The two most esteemed vocations in the UPC are musicians and ministers, those who facilitate worship and those who bring “truth.” Over the years, the organization has produced very accomplished songwriters, singers, and musicians. Many UPC choruses have been sung throughout Christendom, and many UPC musical artists have gone on to have successful careers. Naturally, I aspired to be one of them. I sang my first solo at the age of eight, began to teach myself piano in my teens, and became choir director of the local church at eighteen. Similarly, the organization has produced some powerful, widely recognized pulpiteers. Naturally, in an emotional youth camp service, with the bass and keyboards and vocalists building a powerful musical backdrop, with a skilled minister urging us on—“God is speaking to young men and young women tonight”—I felt that God was calling me to be a preacher. I’d heard of others receiving “the call” in a common vision. In it they saw themselves preaching to crowds of thousands. Such an obvious manifestation of ego causes me to shake my head now. I received a vision, too, but mine was even loftier. In my mind, I saw myself as a great bird, gliding on rising currents of air into the sky. The sky was God himself.
Go ahead. Roll your eyes. I had ample hubris of my own. But in the delusion of that sheltered, ignorant, fundamentalist kid was the hint of the heretic I would become. In that “vision” was the desire for the high, the noble, the transcendent, and wrapped up in that desire to climb was the belief that ascension would come through greater and greater revelations, through learning more and more about God.
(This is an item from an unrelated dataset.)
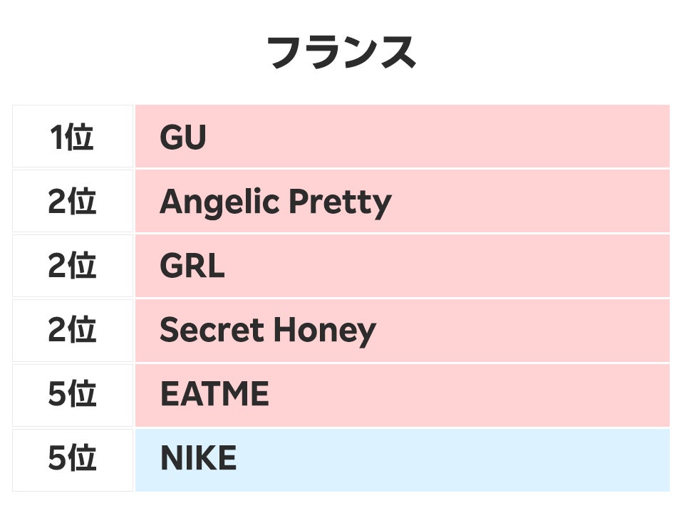 フランスでは、1位が「GU」、2位が「Angelic Pretty」「GRL」「Secret Honey」、そして5位が「EATME」および「NIKE」と、ランキング全体を通して日本の「Kawaii文化」(注)を象徴するブランドが多い結果となりました。

I had no way of knowing that my push for constant self-betterment and the persistent questions of my hungry mind would lead me to revelations that destroyed my faith. While seeking to become more beautiful, I couldn’t help noticing the ugliness in scripture and in our insensitive dogmatic behavior. When inquiring after God, I couldn’t help seeing the cliché, the nonsensical, the shoddy construct in the answers I was given. Eventually I could no longer bring myself to call the pathetic caricature “God.”
I wish I had seen the whole pitiful truth all at once a long time ago. It would have saved me from a lot of bad decisions. But the process was incremental, epiphanies gathering, gathering, until their weight was undeniable. It was the accumulation of immoral behaviors by “the elect,” from old-fashioned Southern racism to the callous dealings with loved ones who “fell into sin.” It was the accumulation of scriptural discrepancies and horrors, the mismatched accounts and genealogies, the brazen endorsements of genocide, human sacrifice, and slavery. It was the accumulation of prayers that never got answered, of times in need when Heaven’s best and only help was indistinguishable from the work of family, friends, and neighbors. It was an accumulation of knowledge of “the world” (a negative term in the UPC) through my education, exposure to history, to philosophy, to the power and limitations of language, and to beautiful, genuine nonbelievers who behaved more “heavenly” than any zealot.
So here I am, still a pastor with very un-Christian ideas. I know that for someone to stand by as another is brutalized, when that bystander has the power to stop the crime—that is immoral. Yet I’m supposed to preach an omniscient, omnipotent, loving God in a world where pedophilia is big business. I know in any scheme that claims divine foreknowledge, prophecies, and predestination are true, free will is irrational. But I’m supposed to preach to “sinners” that they have a choice, God or sin, Heaven or Hell, bribe or punishment. For now, I stay away from topics related to the dogma. I teach on being good citizens, glorious human beings, successful adults. I seek to discourage the worst while inspiring the best in the church’s members. I do all of this while quietly waiting and working for the moment I’ll break away.